3.3Major League Baseball and the National Hockey League
Results from Major League Baseball and the National Hockey League are found in Figs. 3 and 4, respectively. The results for MLB and the NHL were quite similar, in that both leagues were substantially less predictable than the NFL and NBA. The percentage of games correctly predicted for MLB never exceeded 58% even when 140 games (87.5% of a season) were included in the training set. The NHL was slightly better but our model was never able to predict more than 59% of games correctly. Prediction accuracy was rarely more than 2-3 percentage points better than the simple strategy of picking the home team in every game for either league. For example, the maximum predictive accuracy in the NHL was achieved in the 2012-2013 season when the home team win probability was relatively high at 57%. And, during the 2011-2012 season, picking the home team performed better than paired comparison models constructed using a half-season’s worth of game results.
3.4Comparing the sports
Here, we summarize and compare the predictive accuracy of the MOV model for the four major sports, aggregated across the years of available data. Results from the win-loss model were similar, and are not shown. Figure 5a is an aggregated version of the per-sport predictive accuracy plots, and summarizes predictive accuracy versus the number of games used in the training set. Figure 5b also plots predictive accuracy, but versus the proportion of games used in the training set. Information accrual rates (see Section 2.3) are summarized, per game and per proportion of games, in Figs 6a and 6b.

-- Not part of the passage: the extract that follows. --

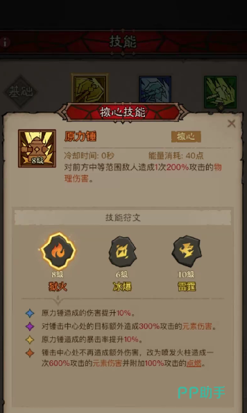 雷旋风技能的基础技能加点,必定要加点原力锤,原力锤的技能符文效果,在命中前方中等范围敌人时, 会造成一次基础攻击倍率为200%的物理伤害,并且在技能升级后,它还能不断的触发狱火、冰锤、雷霆技能,尤其是雷霆技能,可以对锤击中心位置,造成额外的伤害数值,该伤害的提升数值为10%,并且能够提升中心范围的元素伤害300%,可以说是游戏当中,最符合雷旋风技能的一个附属装配技能了。

Figures 5a and 6a show that on a per-game basis, NFL games are most informative. Over the first five games (per team) used in the prediction model, prediction accuracy improves by at least 1% per game, with the most dramatic improvements (3-4% per game improvement rate) accruing after the initial 2-3 games. The initial 5-10 games of the NBA season offer more modest, but still substantial,improvements of approximately 1% accuracy per game. Initial NHL games are slightly more informative than initial MLB games, but the per-game improvements in predictive accuracy are below 0.5% and 0.2% respectively.
Figures 5b and 6b place data on the same horizontal scale, comparing predictive accuracy and information accrual rate as the proportion of games used in the prediction model varies. From Figure 6b, we see that the first 10-15% of games included in the NBA prediction model actually provide more information than the first 10-15% of games included in the NFL prediction model. However, the information accrual rate of NBA games quickly approaches zero beyond this point, while prediction model accuracy continues to improve in the NFL model beyond 50% of games. Indeed, at the point where 25% of games have been included in the prediction model, the information accrual rate of the NBA is very similar to that of the MLB and NHL (∼0.1%), while the NFL’s information accrual rate is more than 2.5 times higher (∼0.25%). Information accrues at a more modest rate for MLB and NHL games; for these two sports, as in the NBA, the accrual rate is essentially zero once 30% of the season’s games are included in the prediction model.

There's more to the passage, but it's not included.